Friday, June 18, 2010

Imagined image

This is a real laugh. When I say our country is bizarre I mean it is seriously bizarre because of stuff like this.

Organisations, governmental, non-governmental, whichever, are supposed to have eyes and ears and hands and mouths just like us. But whereas our eyes can see what our hands are doing and our ears can hear what our mouths are saying, our civic caretaker, the BMC, appears to be severely challenged in this respect.

This morning I see a huge picture in one of the five newspapers I depress myself with everyday, of a woman in a blue kameez and yellow dupatta swiping her card at a machine. Another woman beyond her is doing the same. The caption gives us to understand that these are BMC employees in a mad rush to get home. The news that accompanies the pic goes (in a nutshell) “Tut tut; that’s very naughty”. Apparently these women are leaving office a full half-an-hour before “the stipulated time”. It’s not happening only on the day this photograph was taken. It is happening everyday.

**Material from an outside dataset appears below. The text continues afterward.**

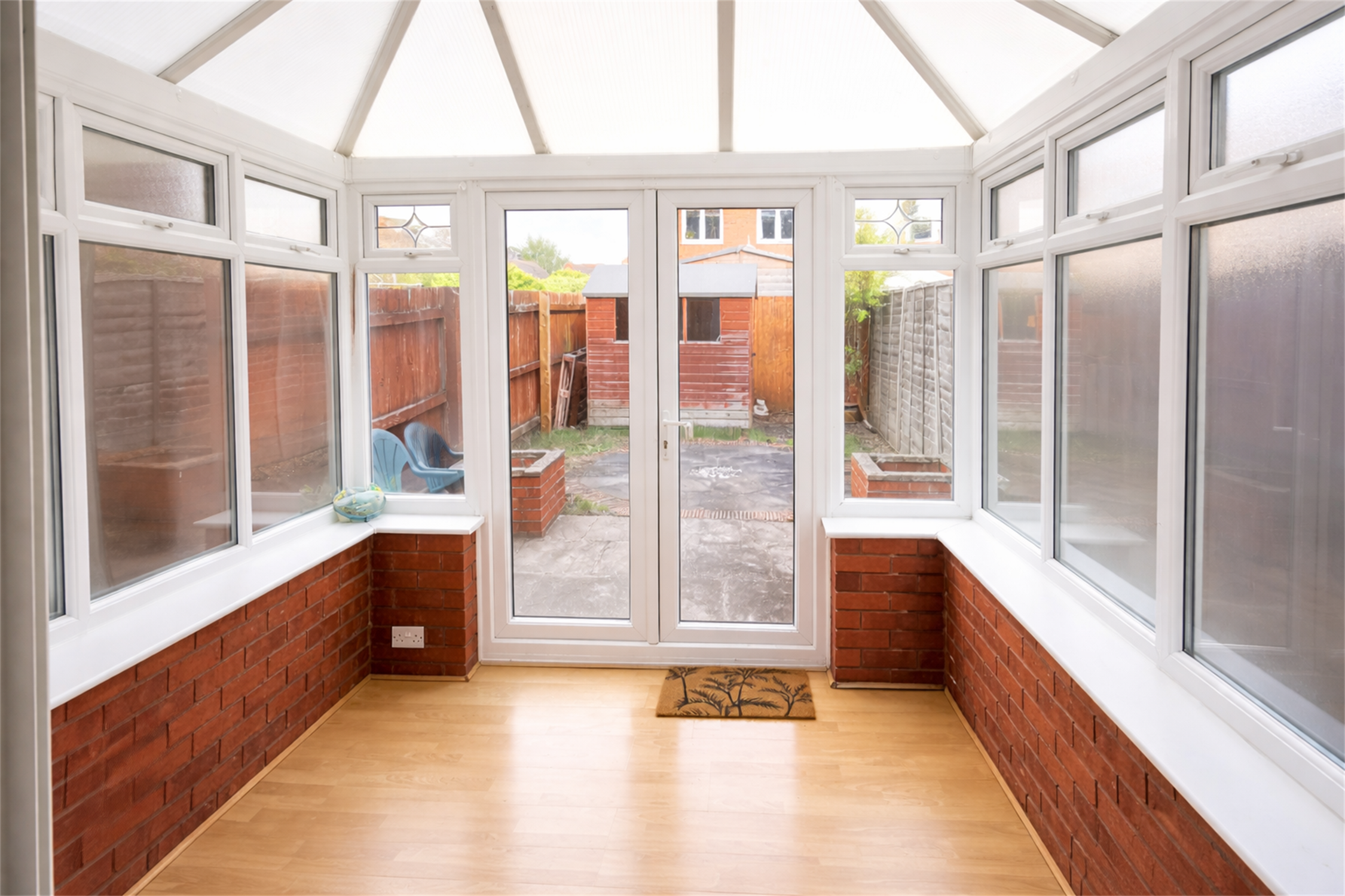 Polycarbonate roof, double glazed windows to rear and side elevation, double glazed French doors to rear elevation, laminate flooring.

Unnamed BMC officials are deeply annoyed. They’ve announced punitive action. First, no increments. Next, termination of service.

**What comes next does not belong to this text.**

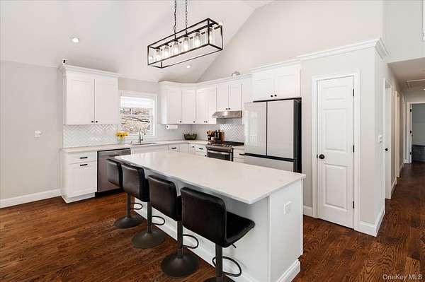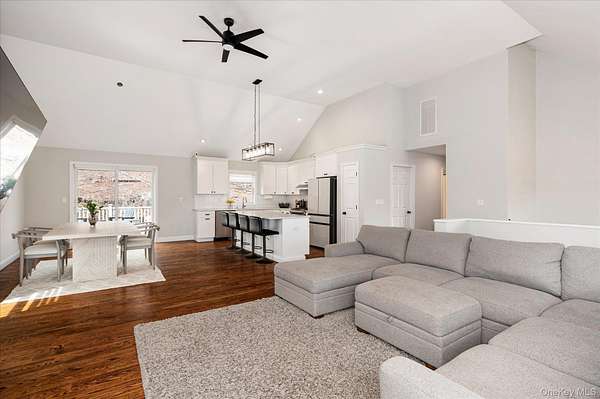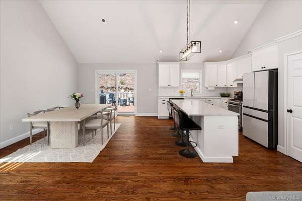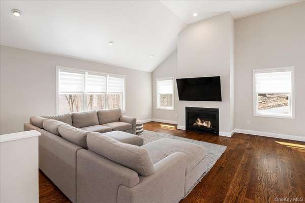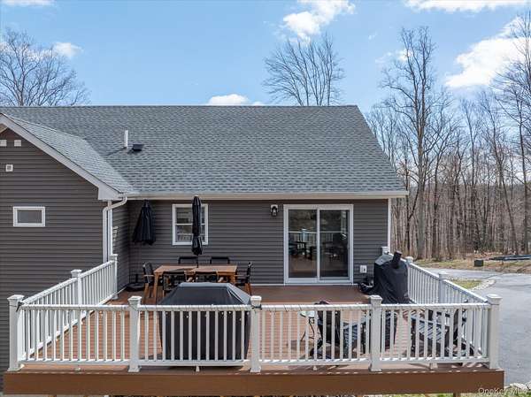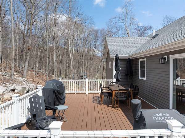 Presenting Eagle Hill-a striking private enclave where modern design meets privacy, light, and effortless living. Set on a premier homesite within this intimate community, #10 showcases a residence that is just three years young, offering the feel of new construction with the ease of immediate enjoyment. Thoughtfully designed with a dynamic open floor plan and soaring 14-foot ceilings, the interior unfolds with a sense of volume and flow. At the heart of the home, a stunning eat-in kitchen anchors the space with a dramatic oversized center island, seamlessly connecting to the living and family areas, where a fireplace adds warmth and architectural focus. Wide 4" oak hardwood floors run throughout, creating a clean, modern continuity. The layout offers exceptional flexibility with three bedrooms that live like four, including a spacious primary suite complete with a beautifully appointed full bath and an expansive walk-in closet. A total of three full baths ensures comfort and convenience for both everyday living and guests, while main-level laundry enhances effortless living. Step outside to an oversized Trex deck that extends your living space into the surrounding landscape-perfect for entertaining or simply taking in the serene, scenic setting. The home is equipped with central air and a dual heat pump system, paired with high-efficiency spray foam insulation for year-round comfort and impressive energy savings. Additional highlights include Andersen windows throughout, a two-car garage, and a substantial separate workshop-ideal for hobbies, storage, or creative pursuits. Perfectly positioned as the first home upon entry into this thoughtfully designed community, and surrounded by 4.43 showcase acres with stunning views, this property offers both a welcoming presence and a sense of privacy. Located in the Mahopac School District, this pristine, move-in-ready residence delivers the best of modern construction-without compromise.

I’m laughing hard, really hard at this. Didn’t we think BMC employees left work early (like their brothers and sisters in Mantralaya) because they didn’t think there was work to be done in the first place? That, even more radically, they didn’t turn up for work at all because moonlighting added more zeros to their already fat incomes? And that these indeed were the distinguishing marks of the BMC employee? In fact, I was quite convinced that these practices were cleared at the interview stage itself, before employees were hired: “Repeat after me: I submit humbly to BMC’s long-established work culture. I shall keep my hands free of work at all times and at the same time, keep them well-oiled for the pursuit of lucre.” Stamp, stamp, stamp, hired!

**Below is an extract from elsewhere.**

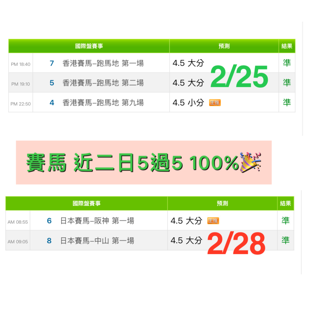 賽馬 >> 3/1🏇🌟🎯《賽馬推薦》主推連過8💰賽馬 第8周主推勝率第1名 100%🎉

But the unnamed BMC officials quoted in the news report don’t seem to see it that way. They complain that early leavers are costing the corporation a loss of 58,000 man hours per day, at half an hour per head, and (excuse me while I roll on the floor), “affecting the BMC’s work culture and tarnishing its image”!

Image for heaven’s sake! Like the BMC is listed repeatedly as one of our most corrupt organisations? Like its employees sit on files, not chairs at the workplace and “misplace” said files the moment their contents begin to irritate their backsides? Like they treat octroi as a golden egg laying goose in their back yards or…need I go on?

As I pick myself off the floor, irony strikes. Our contractor who is doing some knocking and plastering work on our old building because it’s been leaking for years and peepul trees have been growing out of its back, calls to say there are some BMC chaps downstairs asking for 5,000 rupees because we are repairing our building and can you spare the cash? Never in my entire considerably long life, have I bribed. If this had been my personal work, I still would not have done so. But my 96-year-old upstairs neighbour has been worrying herself sick about the leaky walls falling in on her with the monsoon setting in.

I fished out the required 5,000 rupees from my emergency fund and handed it over to the contractor in utter humiliation. I watched the oily transaction from my verandah. The recipients of the booty were four strapping young men, smartly dressed, one in a fancy jerkin. They pocketed 4000 rupees and gave the contractor a receipt for 1000 rupees—a fine for some obscure rule they must have accused him of breaking. I am now part of the system.

BMC take a bow. Your image shines bright and clear. When a beggar puts his hand out to us, we tell him moralistically to work, not beg. When your men put their hands out to us, we dare not utter the word work. We simply pay up.

1 comment:

shanta said...

You have often left comments on my posts in a language I do not know. Since you read my posts you must be understanding English. I wish you would write your comments in English so I know what you are saying. Thanks.